Dataset excerpts:
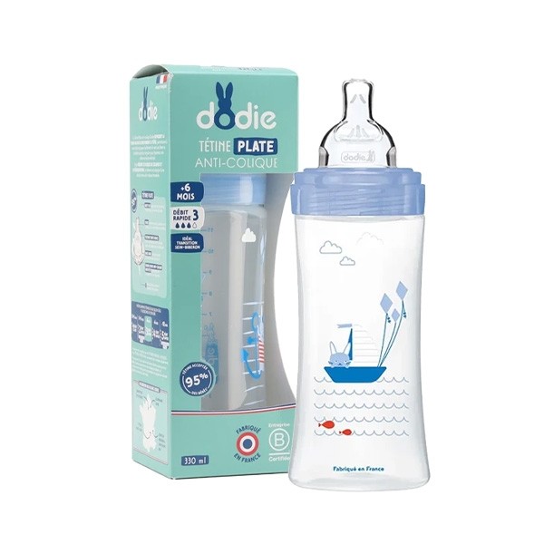 Le biberon à tétine plate anti colique Dodie est destiné aux nourrissons à partir de 6 mois. En effet, à mesure que bébé grandit, ses besoins et son appétit évoluent. Le biberon Dodie à tétine plate débit rapide est adapté au rythme de succion des bébés de 6 mois et plus, à la consistance de leurs repas et collations, ainsi qu’à leur appétit.
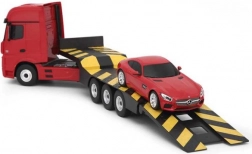 Szállítsd az AMG GT-t a MERCEDES-BENZ ACTROS alacsony rakfelületű pótkocsiján, és élvezd az autentikus rakodást és vezetést. Remek kreatív játékhoz és gyűjtőknek is.
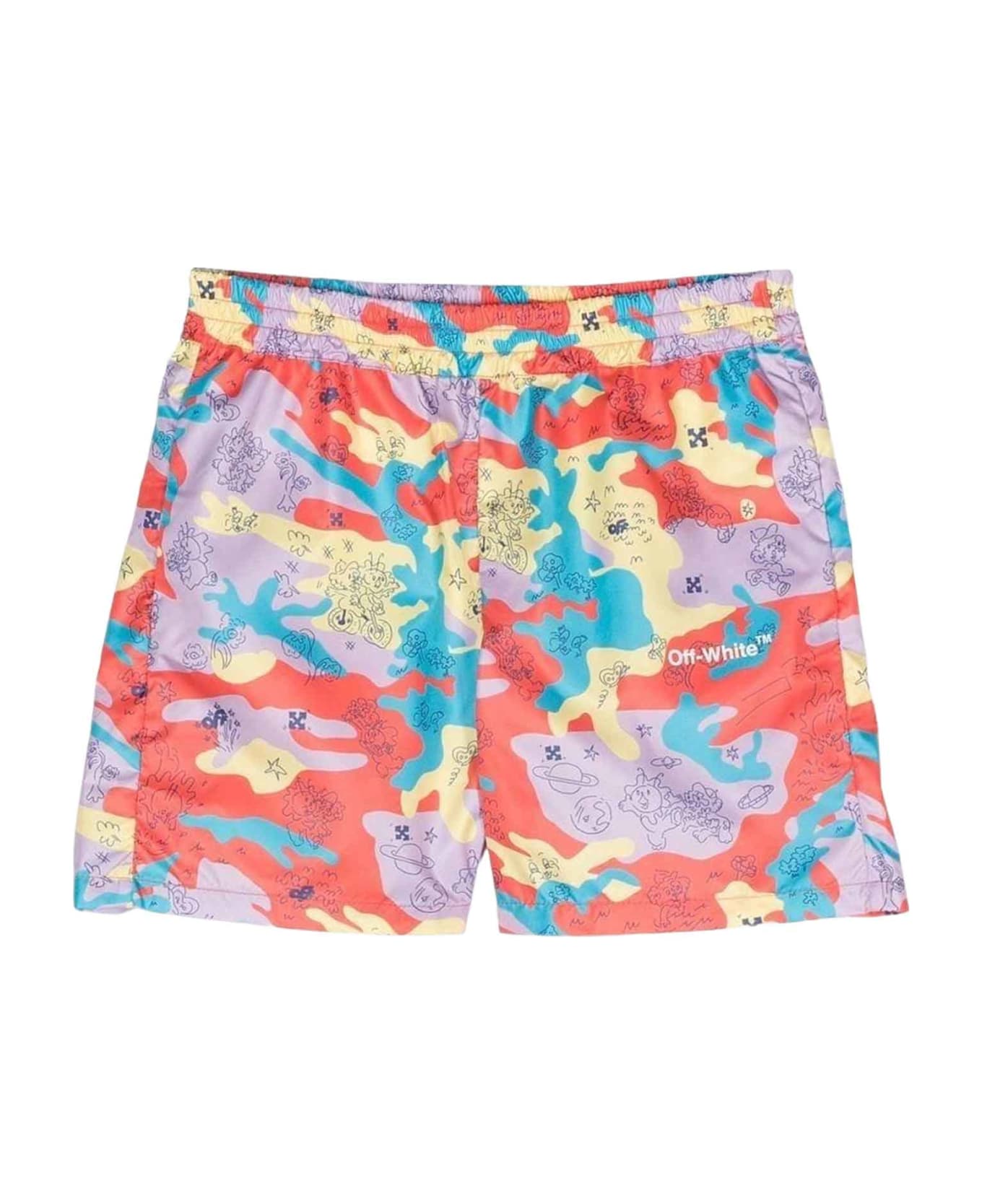 multicolor swimsuit boy. Camouflage print, front logo print, elasticated waist, slip-on design and two side welt pockets. 100% polyester
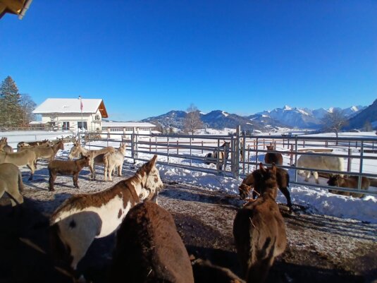Unser Esel geniessen die Sonne an diesem kalten Wintertag auf der Sihlsee Ranch!
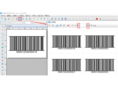 3. 设置完成之后,点击软件顶部的“打印预览”按钮,翻页查看批量生成的带外边框ITF14条码,预览无误就可以直接连接打印机打印出来了。
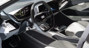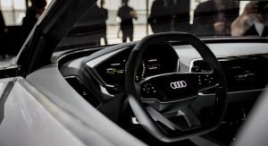 Small cameras replace the conventional door mirrors, and besides the technology advantage, Audi says that these also improve the air flow and reduce the wind noise that is projected in the cabin at high speed. Extended wheel arches, the lack of door handles and the massive 23-inch wheels with a 6-spoke design, complete its imposing exterior.

- [TASK REQUIREMENTS] Once the line holding "3. 设置完成之后,点击软件" is found, set it down along with every line after it through the end of the entries, exactly, leaving the pictures out.

- [YOUR SOLUTION]
 3. 设置完成之后,点击软件顶部的“打印预览”按钮,翻页查看批量生成的带外边框ITF14条码,预览无误就可以直接连接打印机打印出来了。
 Small cameras replace the conventional door mirrors, and besides the technology advantage, Audi says that these also improve the air flow and reduce the wind noise that is projected in the cabin at high speed. Extended wheel arches, the lack of door handles and the massive 23-inch wheels with a 6-spoke design, complete its imposing exterior.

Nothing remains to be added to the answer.